====== Supplied data ======

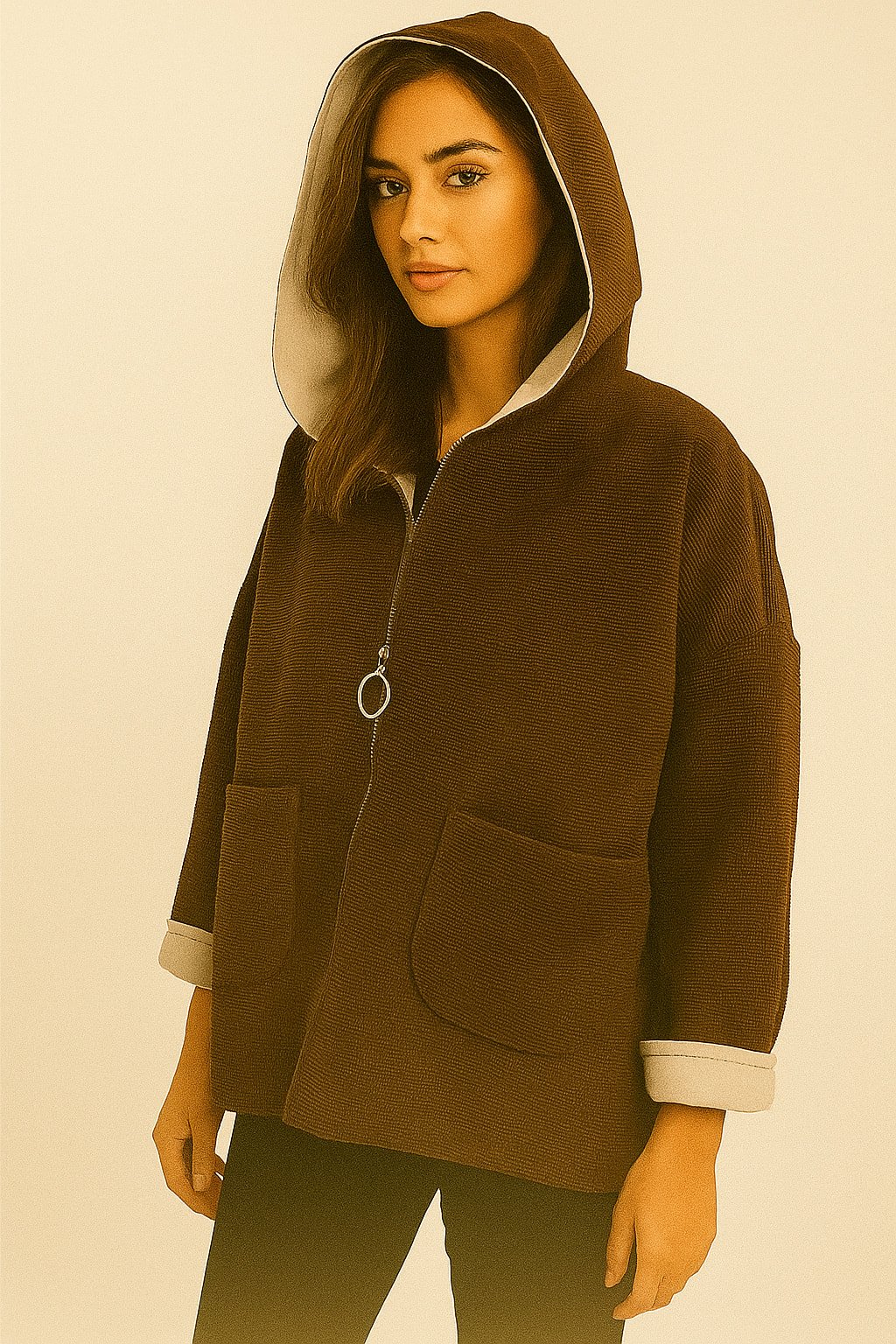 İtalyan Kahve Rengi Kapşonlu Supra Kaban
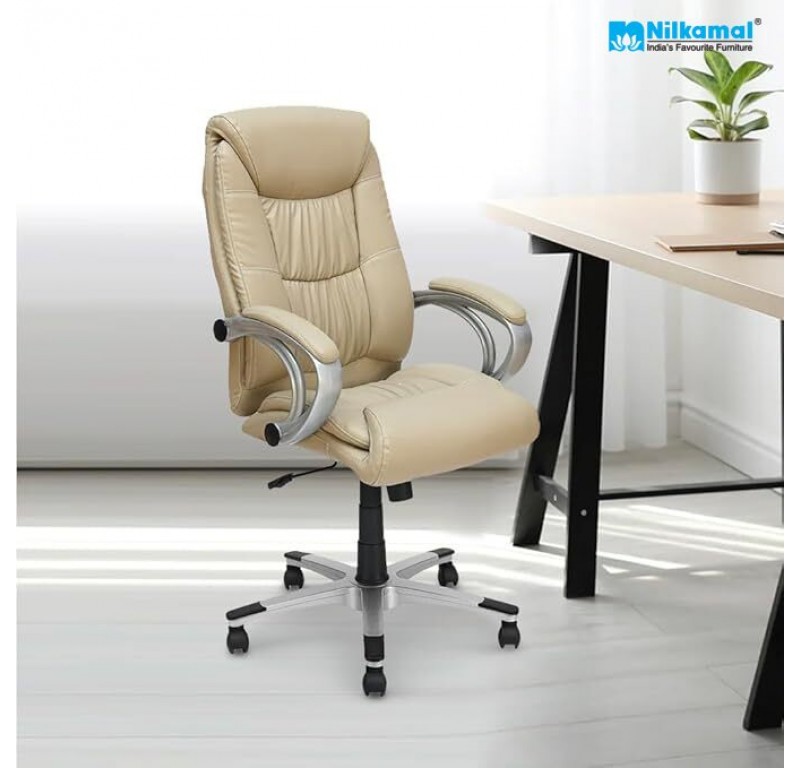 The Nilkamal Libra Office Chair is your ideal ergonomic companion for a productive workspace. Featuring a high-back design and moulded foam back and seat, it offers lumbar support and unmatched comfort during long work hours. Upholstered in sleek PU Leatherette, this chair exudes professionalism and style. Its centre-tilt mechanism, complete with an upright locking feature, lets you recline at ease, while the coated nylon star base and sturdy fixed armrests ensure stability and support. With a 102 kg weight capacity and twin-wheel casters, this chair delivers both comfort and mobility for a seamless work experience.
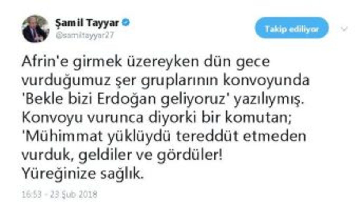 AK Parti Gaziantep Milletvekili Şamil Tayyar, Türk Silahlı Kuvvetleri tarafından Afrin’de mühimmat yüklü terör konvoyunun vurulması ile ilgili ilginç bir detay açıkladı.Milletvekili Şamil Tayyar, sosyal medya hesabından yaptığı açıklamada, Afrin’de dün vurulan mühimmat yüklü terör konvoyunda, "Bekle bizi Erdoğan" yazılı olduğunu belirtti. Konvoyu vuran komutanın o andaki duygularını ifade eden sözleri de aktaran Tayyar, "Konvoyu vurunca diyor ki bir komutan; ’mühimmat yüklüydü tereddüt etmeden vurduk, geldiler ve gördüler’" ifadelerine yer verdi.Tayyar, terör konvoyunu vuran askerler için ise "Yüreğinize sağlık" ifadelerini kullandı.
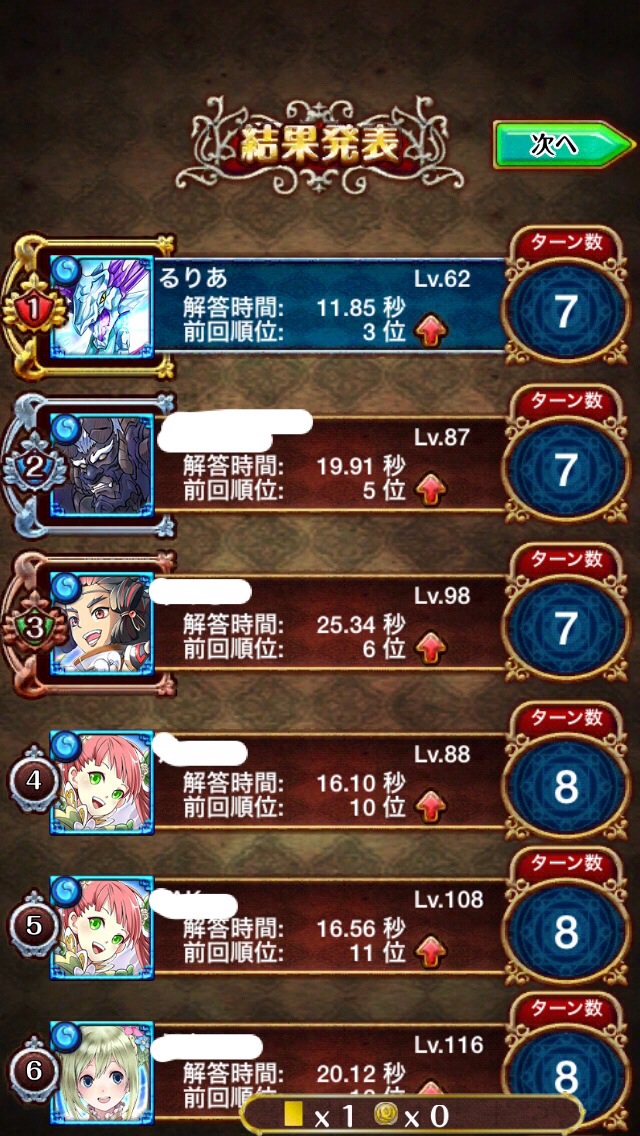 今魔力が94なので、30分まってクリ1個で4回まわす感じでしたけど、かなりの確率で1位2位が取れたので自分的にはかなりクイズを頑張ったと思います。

======

The reply should hold every line of the material above, unchanged, and no pictures.

_Task result_
 İtalyan Kahve Rengi Kapşonlu Supra Kaban
 The Nilkamal Libra Office Chair is your ideal ergonomic companion for a productive workspace. Featuring a high-back design and moulded foam back and seat, it offers lumbar support and unmatched comfort during long work hours. Upholstered in sleek PU Leatherette, this chair exudes professionalism and style. Its centre-tilt mechanism, complete with an upright locking feature, lets you recline at ease, while the coated nylon star base and sturdy fixed armrests ensure stability and support. With a 102 kg weight capacity and twin-wheel casters, this chair delivers both comfort and mobility for a seamless work experience.
 AK Parti Gaziantep Milletvekili Şamil Tayyar, Türk Silahlı Kuvvetleri tarafından Afrin’de mühimmat yüklü terör konvoyunun vurulması ile ilgili ilginç bir detay açıkladı.Milletvekili Şamil Tayyar, sosyal medya hesabından yaptığı açıklamada, Afrin’de dün vurulan mühimmat yüklü terör konvoyunda, "Bekle bizi Erdoğan" yazılı olduğunu belirtti. Konvoyu vuran komutanın o andaki duygularını ifade eden sözleri de aktaran Tayyar, "Konvoyu vurunca diyor ki bir komutan; ’mühimmat yüklüydü tereddüt etmeden vurduk, geldiler ve gördüler’" ifadelerine yer verdi.Tayyar, terör konvoyunu vuran askerler için ise "Yüreğinize sağlık" ifadelerini kullandı.
 今魔力が94なので、30分まってクリ1個で4回まわす感じでしたけど、かなりの確率で1位2位が取れたので自分的にはかなりクイズを頑張ったと思います。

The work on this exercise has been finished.